If $\vec u, \vec v~ \text{and} ~\vec w$ are vectors, show that
$$\nabla\cdot [(\vec u\times \vec v)\times \vec w]=\vec w\cdot [(\vec v\cdot \nabla)\vec u-(\vec u\cdot \nabla)\vec v]$$ if $\operatorname{div}\vec u=0=\operatorname{div} \vec v$, $\operatorname{curl} \vec w=\vec{0}$.
Please suggest which identity should I use to start with.
I'm seeking guidance or hints to begin tackling this problem, as I feel unsure and don't know where to start.

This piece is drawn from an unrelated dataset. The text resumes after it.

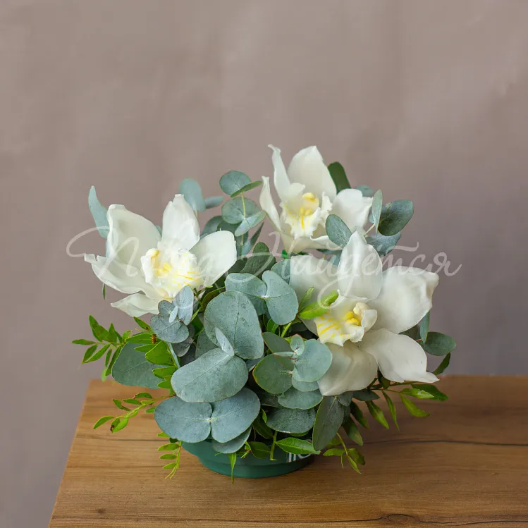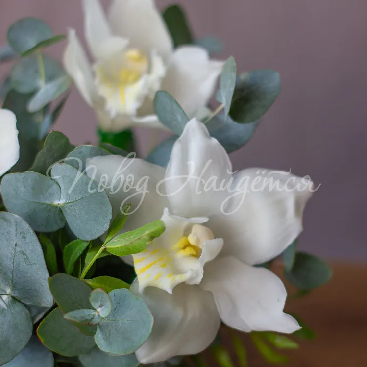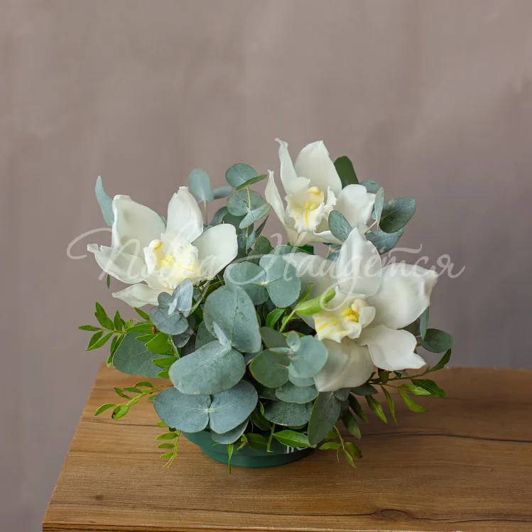 Состав: орхидея цимбидиум белая 3 шт, писташ, эвкалипт.
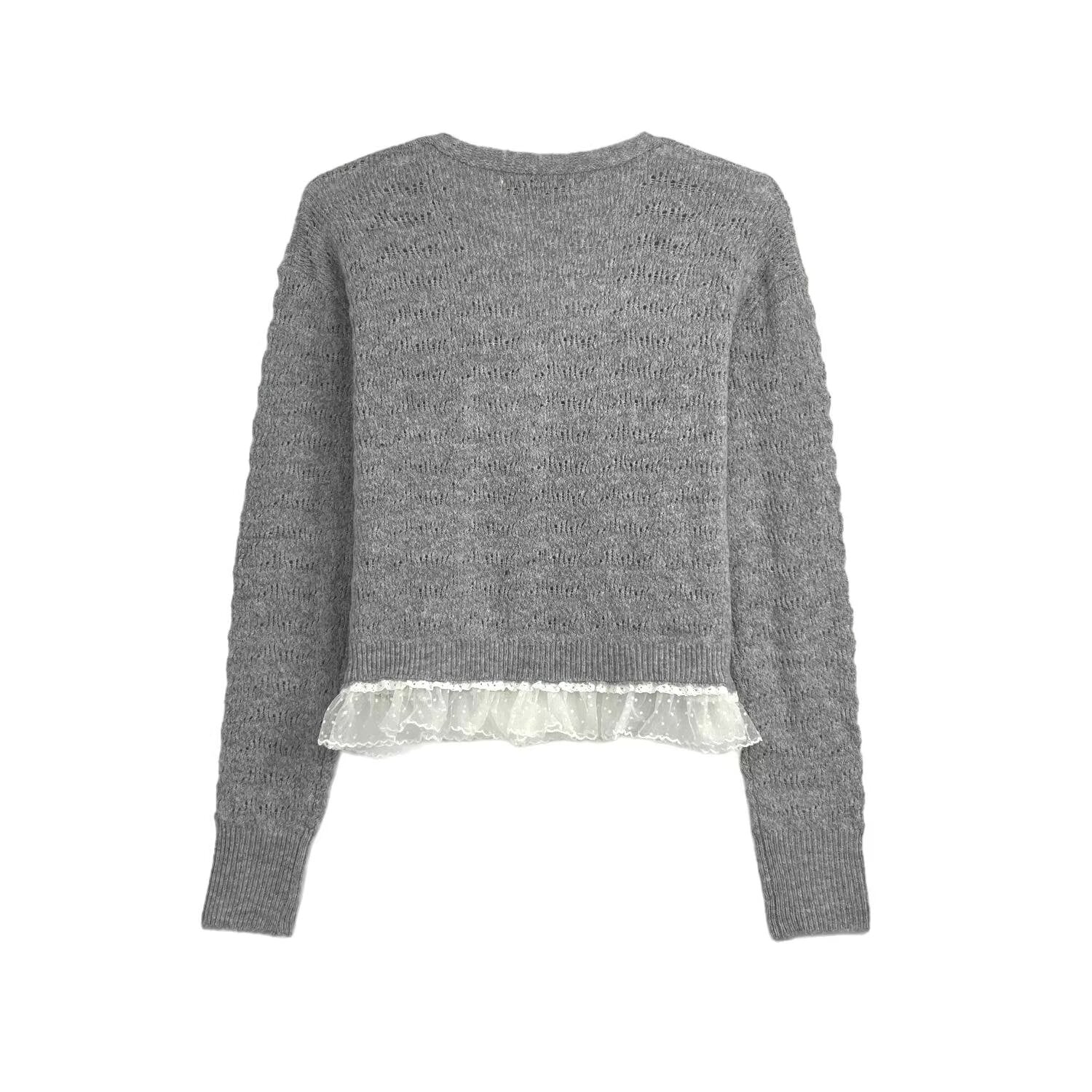 קרדיגן סרוג עם צווארון V וטלאים בסגנון תחרה אופנתי חדש לנשים

I'm hoping someone can provide me with some pointers or direct me towards the right path.
Edit: Could anyone recommend an approach to initiate problem-solving without incorporating tensor-based methods?
first you can use levi civita identity to evaluate the cross product in the left hand side,then it will looks like this : div((U x V)i x W) = div((eijk Uj.Vk) x W) ... (i) then i will turn the index "j" in the "Uj" to be "k" using kronecker delta: Uj = δj^ k Uk. then the equation "(i)" will become : div((eijk.δj^ k.Uk.Vk) x w ) = div(eijk.δj^ k (z x w) )... (ii). for z as some scalar from "<u,v>". and if we continue,i can contract the indicies in the levi civita by kronecker delta,then equation "(ii)" become: div(eijj.(z x w)) = 0 why ? remember that repeating indices in levi civita means zero. then it suited to the right hand side.of course when div(U) = div(V) = 0 the right hand side equal to zero too.
and the proof done :) CMIIW